Your If statement, with quotations, would delete all data for Corn. Is this
what you want or do you wish to select the values for corn? Without a sample
of your data, I can only guess.
I am going to ignore your second question for the moment until we get the
first one resolved.
Nat Wooding
-----Original Message-----
From: SAS(r) Discussion [mailto:SAS-L@LISTSERV.UGA.EDU] On Behalf Of
Bhupinder Farmaha
Sent: Monday, January 10, 2011 10:00 AM
To: SAS-L@LISTSERV.UGA.EDU
Subject: Creating subset of data and calculate weighted means for depth
Hi,
I want to create subset of data based on one level of independent variable.
I have used the following code to create subset of the data but it didn't
work.
data spring07; set soils;
if crop = corn then delete;
run;
Is there any way to model with variable ne (^=).

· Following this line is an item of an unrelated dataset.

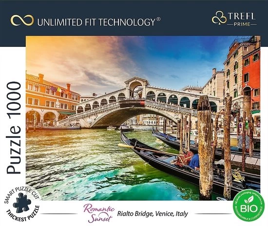 De Trefl Prime Rialto Bridge Veneti? puzzel – 1000 stukjes is gemaakt voor echte puzzelliefhebbers. De afmetingen van de puzzel zijn: 683 x 480 mm. De puzzels zijn gemaakt van hoogwaardige materialen met behulp van het dikste karton, unieke vormen en een speciale snijmethode. Zo kunnen we een individuele collage maken en de hele puzzel gemakkelijk overbrengen. Bovendien zijn de afzonderlijke elementen van de producten gemaakt van ecologische materialen. De stickers op de doos zijn gemaakt van biologisch afbreekbare folie. De producten zijn niet in krimpfolie verpakt.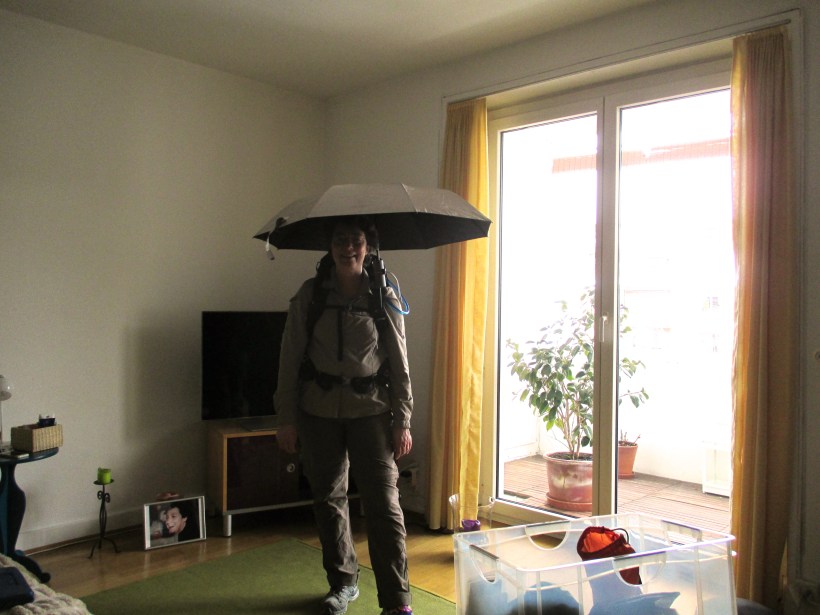 Den heutigen Nachmittag habe ich damit verbracht, herauszufinden wie ich meinen reflektierenden Schirm für die Wüste an meinem Rucksack befestigen kann. Ist gar nicht so einfach und Gott sei Dank findet man ja im Internet immer wieder hilfreiche Tipps dazu. Ich habe schallend gelacht, als ich mich im Spiegel gesehen habe und fand dies muss ich unbedingt mit euch allen teilen. Das Bild ist leider etwas Dunkel geworden aber man kriegt einen Eindruck….

I did try but it is not
working.
My second question is to calculate weighted means based on depths from that
particular subset of data. I want to get weighted means of Phos variable
based on depth as per following formula
Phos(weighted0-40) = (5*Phos1 + 5*Phos2 + 10*Phos3 + 20*Phos4)/40.
Phos(weighted0-20) = (5*Phos1 + 5*Phos2 + 10*Phos3)/20.
I don't know how I can do that because data has different other variables
like Tillplc, Prate, Krate, and sampling location (in-row and between row).
Thanks, in advance!
Bhupinder